Work instruction: Will you write out the data exactly, excluding every picture?

Given data:
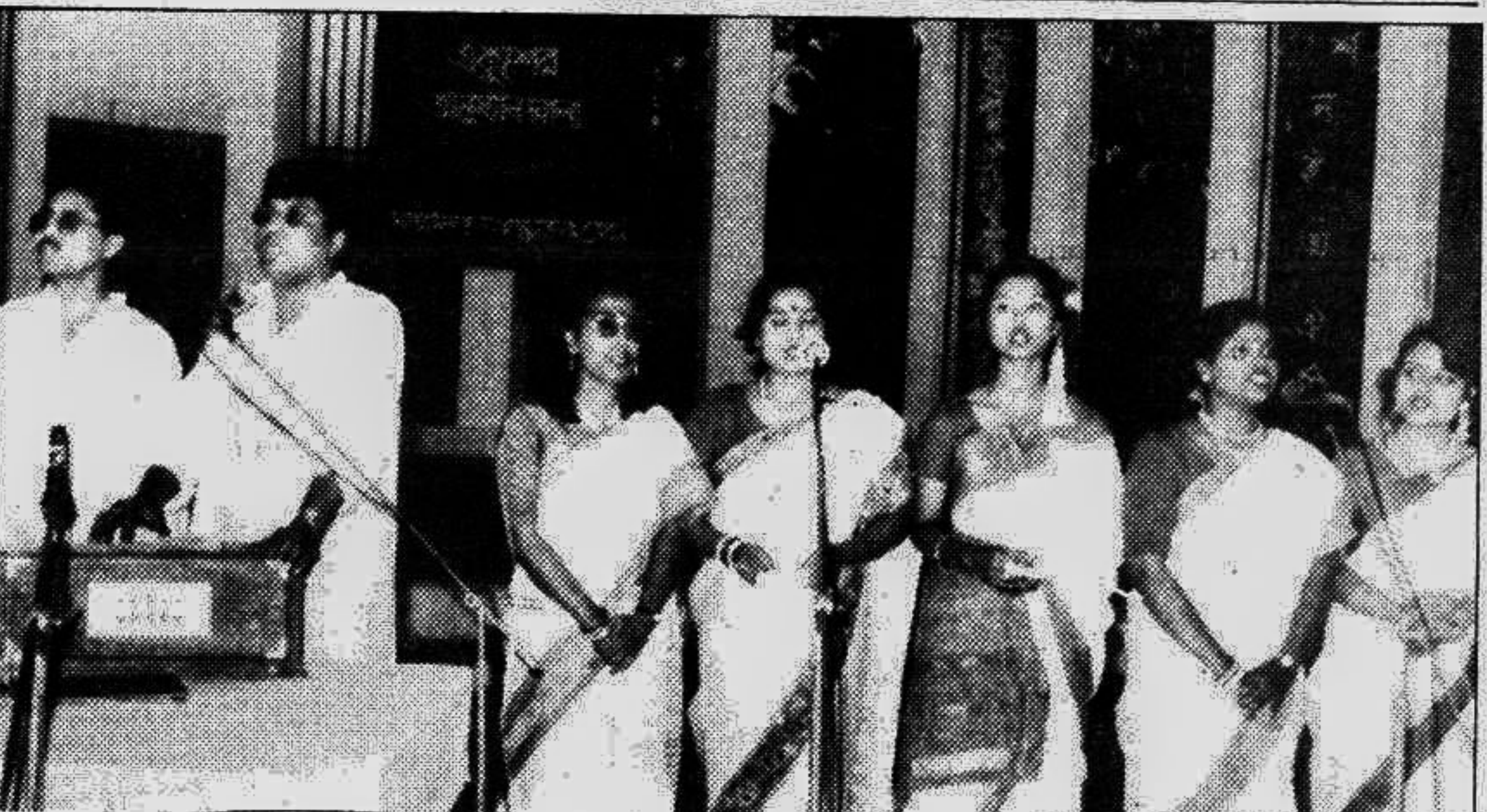
Surbani Sangskritik Goshthi rendering songs at the Central Shaheed Minar yesterday as part of Ekushey programmes organised by Sammito Sangskritik Jote.

About 140 representatives from the government, NGOs, civil society and the World Bank, who take interest directly and indirectly in the policy issues of the health and education sectors, will take part in the session.
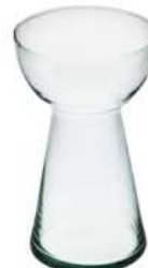
W-183 height: 160 top: 96 bottom: 80 q/p:
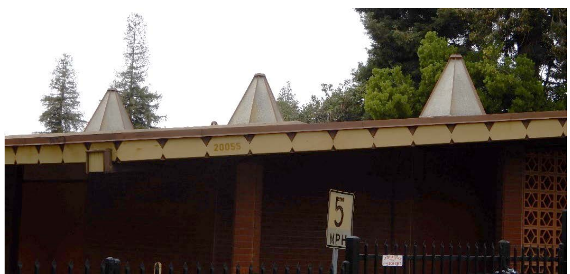
Figure 8. Skylights, view northwest (ARG, July 2021)

Four peaked hexagonal skylights are located at the ridgeline of the roof: three are located east of the center of the building and one is located at far west (Figure 8). The skylights are frosted glass with metal seams and caps.
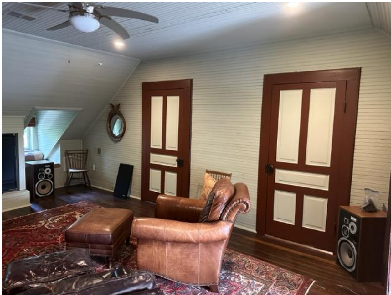
3rd Floor facing Northeast showing doors leading to bathroom
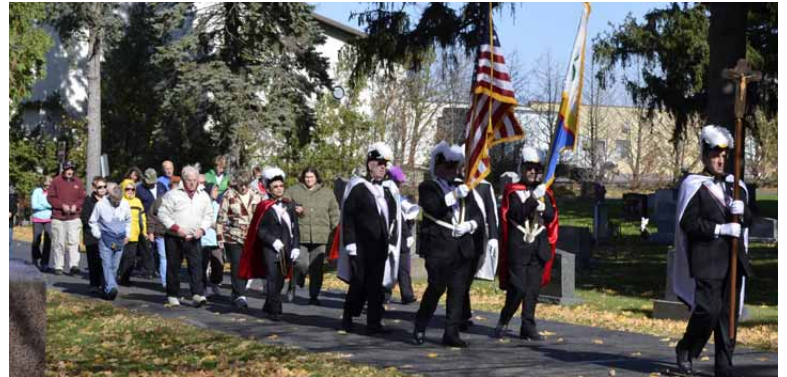
A nice group of participants follow the honor guard at the cemetery.
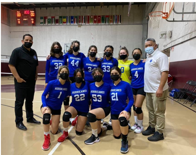
Girls Volleyball Team
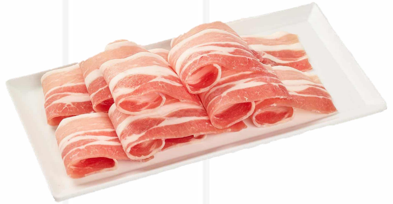
豬五花肉 (80克/ 160克) Pork Belly (80g/ 160g) 12 / 24
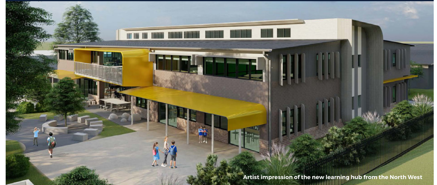
Artist impression of the new learning hub from the North West

The NSW Government is investing $6.7 billion to deliver more than 190 new and upgraded schools to support communities across NSW. This is the largest investment in public education infrastructure in the history of NSW.
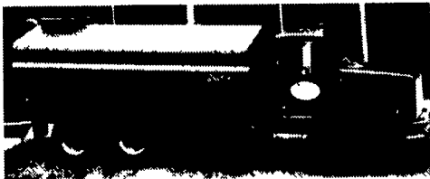
Generation II Custom Truck Tanker

275 Goodhart Road, Shippensburg PA 17257 Interstate 81, Exit 29, 174 East, Goodhart Rd Right Financing & Trucking Available (717) 532-8601
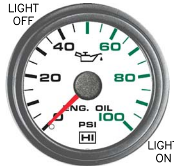
P/N 101-104-2R-1 SCALE: 3/4

DIAL FACE COLORS POINTER COLOR BEZEL COLOR & STYLE
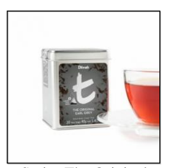
t-Series The Original Earl Grey
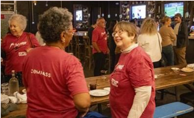
Volunteer Appreciation Party at Porta
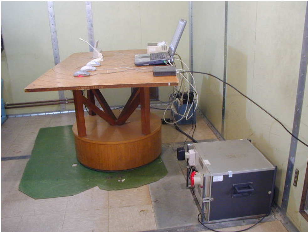
LINE CONDUCTED SETUP PHOTOGRAPH - REAR VIEW
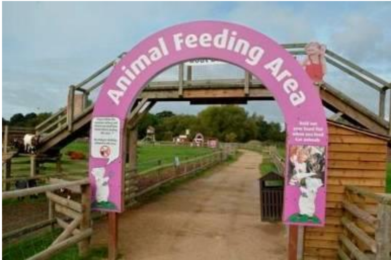
Left: Well signed entrance to animal feeding area
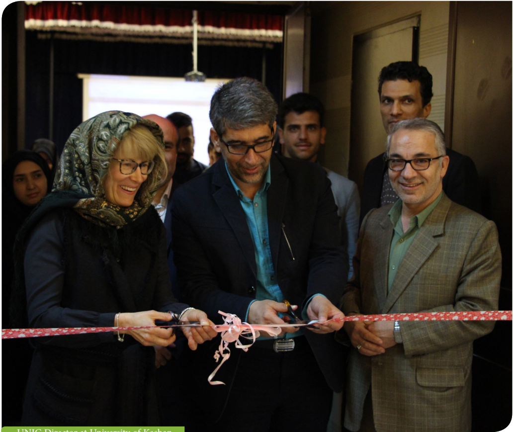
UNIC Director at University of Kashan

Reply:
Surbani Sangskritik Goshthi rendering songs at the Central Shaheed Minar yesterday as part of Ekushey programmes organised by Sammito Sangskritik Jote.

About 140 representatives from the government, NGOs, civil society and the World Bank, who take interest directly and indirectly in the policy issues of the health and education sectors, will take part in the session.
W-183 height: 160 top: 96 bottom: 80 q/p:
Figure 8. Skylights, view northwest (ARG, July 2021)

Four peaked hexagonal skylights are located at the ridgeline of the roof: three are located east of the center of the building and one is located at far west (Figure 8). The skylights are frosted glass with metal seams and caps.
3rd Floor facing Northeast showing doors leading to bathroom
A nice group of participants follow the honor guard at the cemetery.
Girls Volleyball Team
豬五花肉 (80克/ 160克) Pork Belly (80g/ 160g) 12 / 24
Artist impression of the new learning hub from the North West

The NSW Government is investing $6.7 billion to deliver more than 190 new and upgraded schools to support communities across NSW. This is the largest investment in public education infrastructure in the history of NSW.
Generation II Custom Truck Tanker

275 Goodhart Road, Shippensburg PA 17257 Interstate 81, Exit 29, 174 East, Goodhart Rd Right Financing & Trucking Available (717) 532-8601
P/N 101-104-2R-1 SCALE: 3/4

DIAL FACE COLORS POINTER COLOR BEZEL COLOR & STYLE
t-Series The Original Earl Grey
Volunteer Appreciation Party at Porta
LINE CONDUCTED SETUP PHOTOGRAPH - REAR VIEW
Left: Well signed entrance to animal feeding area
UNIC Director at University of Kashan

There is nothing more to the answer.